Task to complete:
Please return only the lines from the one with "Multicolor striped design" through the final line of the data, unchanged, with pictures omitted.

Extracted records:
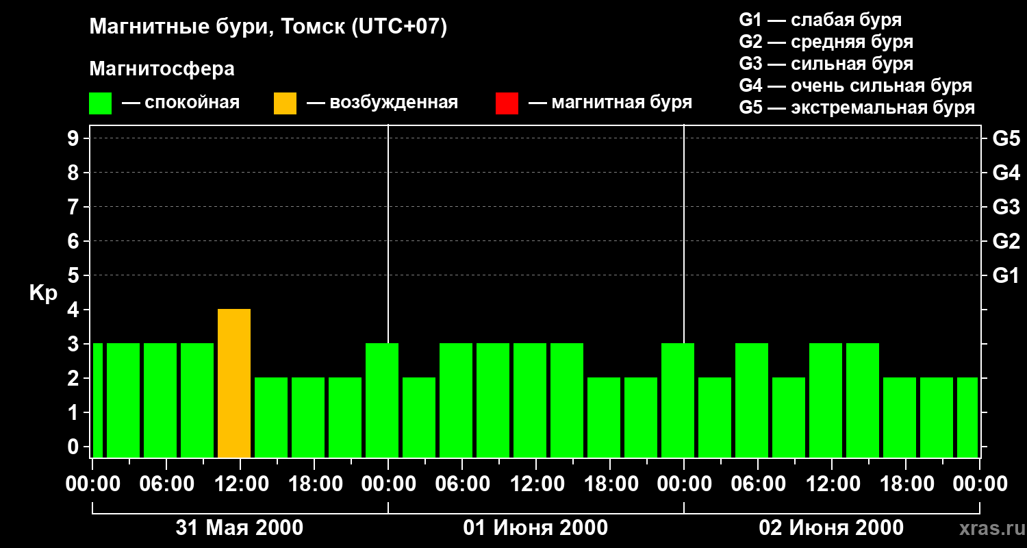 Изменения геомагнитного индекса Kp с 31 мая по 2 июня 2000 года для средних широт
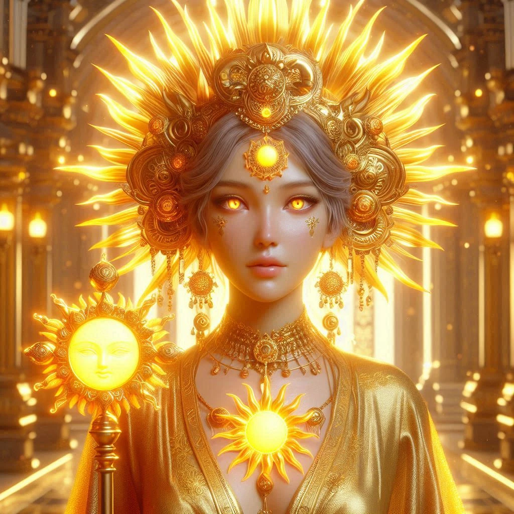 A hyper-realistic 3D character of a radiant priestess, her skin glowing with the warmth of the sun. Her eyes are bright, golden orbs, exuding a serene, divine power. She is adorned in robes of golden silk, with intricate sunburst patterns that seem to emit light. Her headdress is a majestic, ornate sun disk, glowing with intense solar energy. She carries a scepter topped with a miniature sun, which blazes with vibrant, fiery light. The background is a grand temple bathed in sunlight, with every ray of light and shadow rendered in stunning detail, capturing her divine connection to the solar realm.
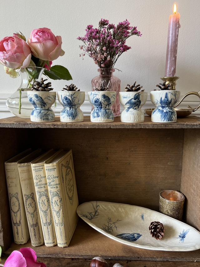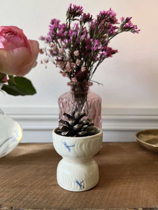 COQUETIER OISEAUX 3 - Coquetier Diabolo aux oiseaux de la manufacture de Gien - Terre de Fer
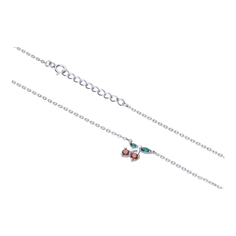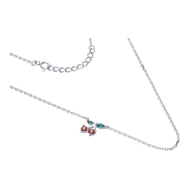 Halskette an einer Kette mit Zorngeflecht, 925er Silber, rhodiniert, Länge 42 cm + 3 cm Verlängerung, buntes Zirkonoxid, Kirschen, Größe 8 mm x 10 mm.
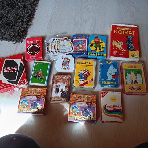 3. Posti-pelikortit. Kaikki kortit paitsi jokerit puuttuu, eikä ole aslia. Hp 1€ +pk
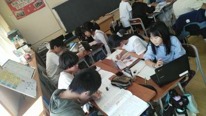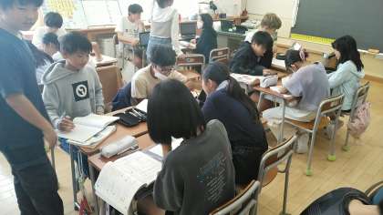 6年生の3時間目は、算数科の学習でした。グループごとにドットや度数分布表等について話し合っていました。
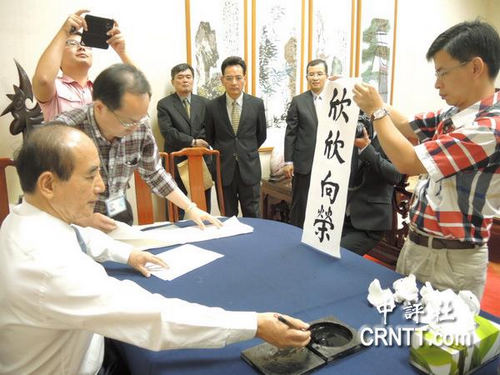9日上午,王金平利用空閑時間揮毫寫下“欣欣向榮”四個字,當做明年春聯(lián)題字。(圖自中評社)
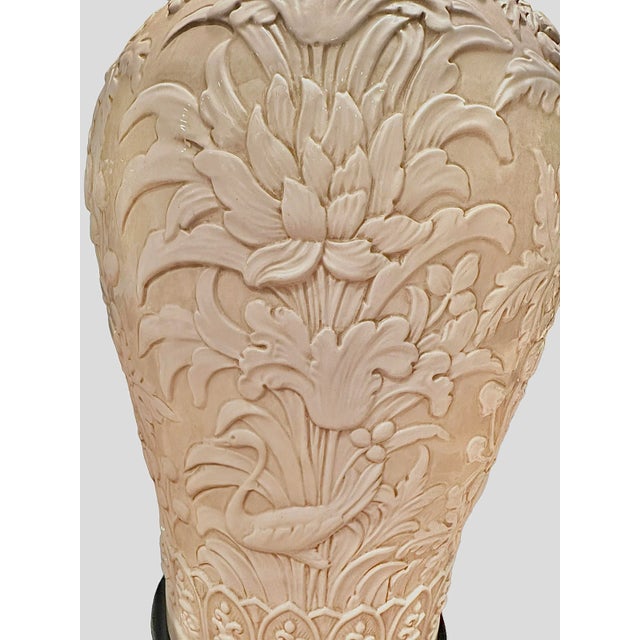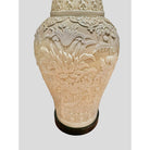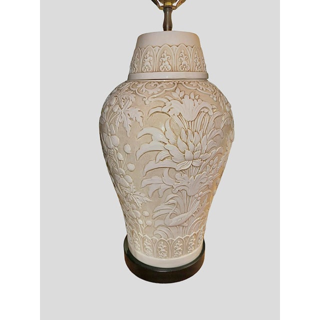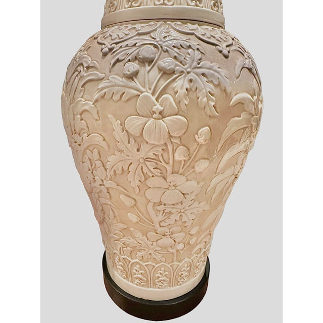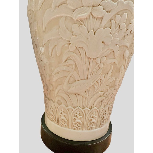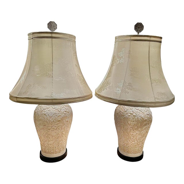 Pair of 1970s Chapman White Floral and Bird Relief Chinoiserie Lamps With White Silk Patterned Shades
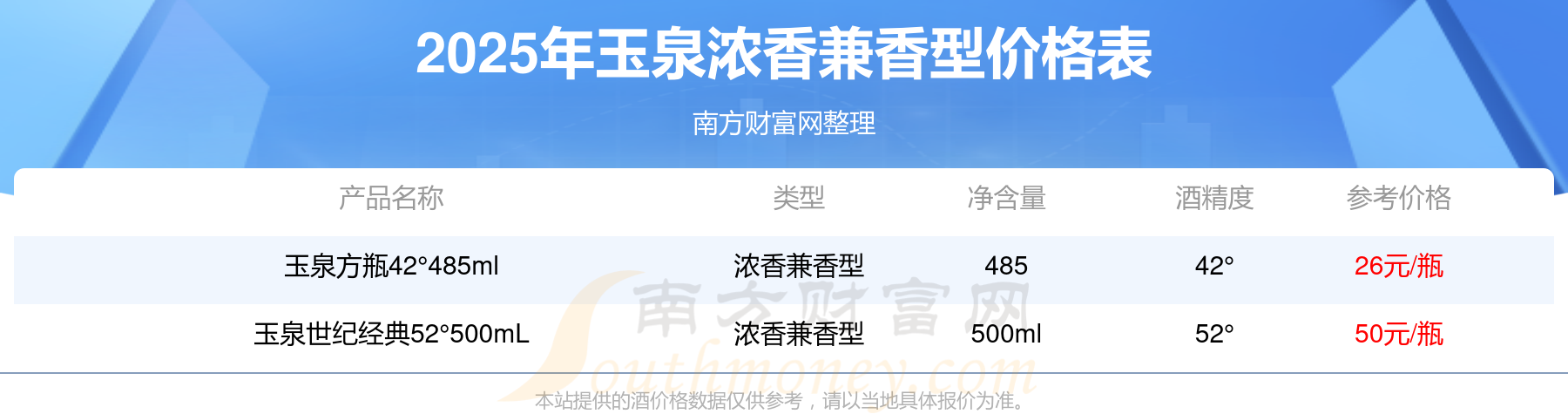 2025年玉泉濃香兼香型酒玉泉世紀(jì)經(jīng)典52°500mL、玉泉方瓶42°485ml等最新價(jià)格如下:
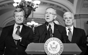 12月24日,美国国会参议员多数党领袖、民主党参议员哈里·里德(中)在投票后出席记者会。美国国会参议院24日清晨投票通过了美国总统奥巴马支持的全面医疗改革法案。法案的核心是创建一个联邦监管的医疗保险市场,而政府将成立公共保险机构出售医疗保险。 新华社记者张岩摄
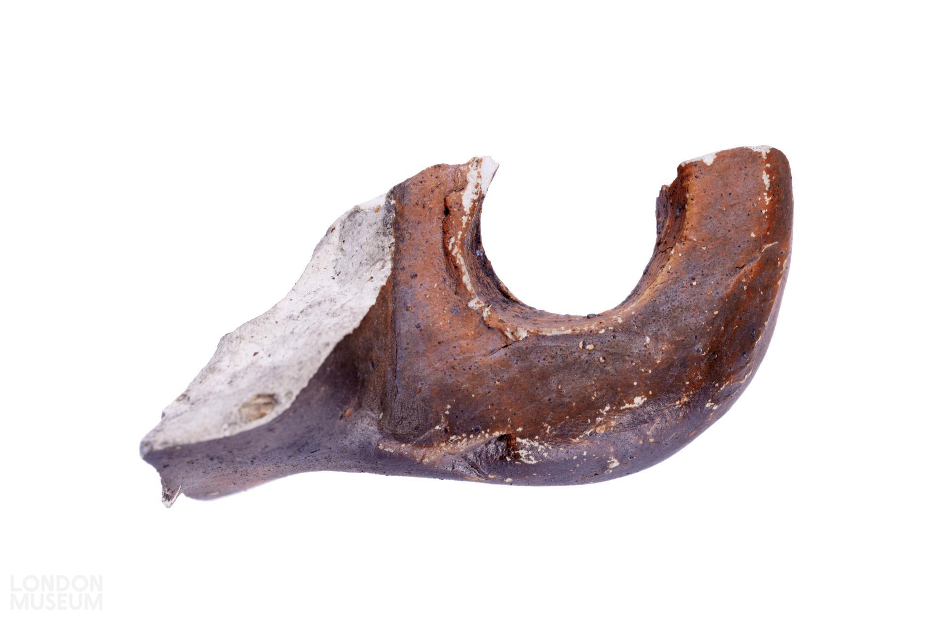 Incomplete type 11B ceramic open lamp, body and handle fragment in four joining pieces. Mould-made body with a rounded rim, the wall angled slightly outwards; flat base with circular foot ring. About half of the mould-made handle survives. Sooting on body and handle. Unsourced (?)imported fabrics (IMPT).
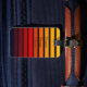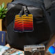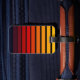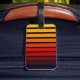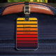 Multicolor striped design inspired by a sunset. Minimalist design in dark blue, and different shades of pink, red, orange, and yellow. Easy to customise with your name, phone or/and address.
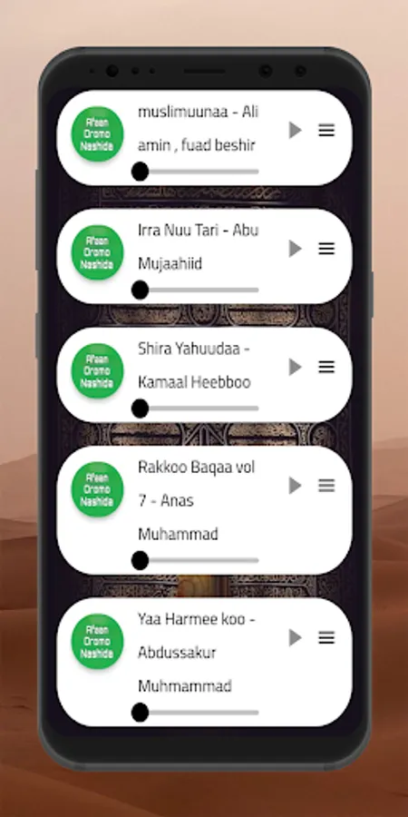 Welcome to the application of Nashida Afaan Oromo, which has many different features for you. Islamic songs are a wonderful art that urges the recipient to obey God and His Messenger and the wonderful Islamic morals. These nasheeds have become famous in Islamic countries over the past years because of their beautiful lyrics. If you want to know what love you and others have for God, see the love of the Qur'an from your heart, read the Qur'an and meditate on it. Feel the angels repeating behind you and listening to you. The Holy Quran is our book.

Response:
 Multicolor striped design inspired by a sunset. Minimalist design in dark blue, and different shades of pink, red, orange, and yellow. Easy to customise with your name, phone or/and address.
 Welcome to the application of Nashida Afaan Oromo, which has many different features for you. Islamic songs are a wonderful art that urges the recipient to obey God and His Messenger and the wonderful Islamic morals. These nasheeds have become famous in Islamic countries over the past years because of their beautiful lyrics. If you want to know what love you and others have for God, see the love of the Qur'an from your heart, read the Qur'an and meditate on it. Feel the angels repeating behind you and listening to you. The Holy Quran is our book.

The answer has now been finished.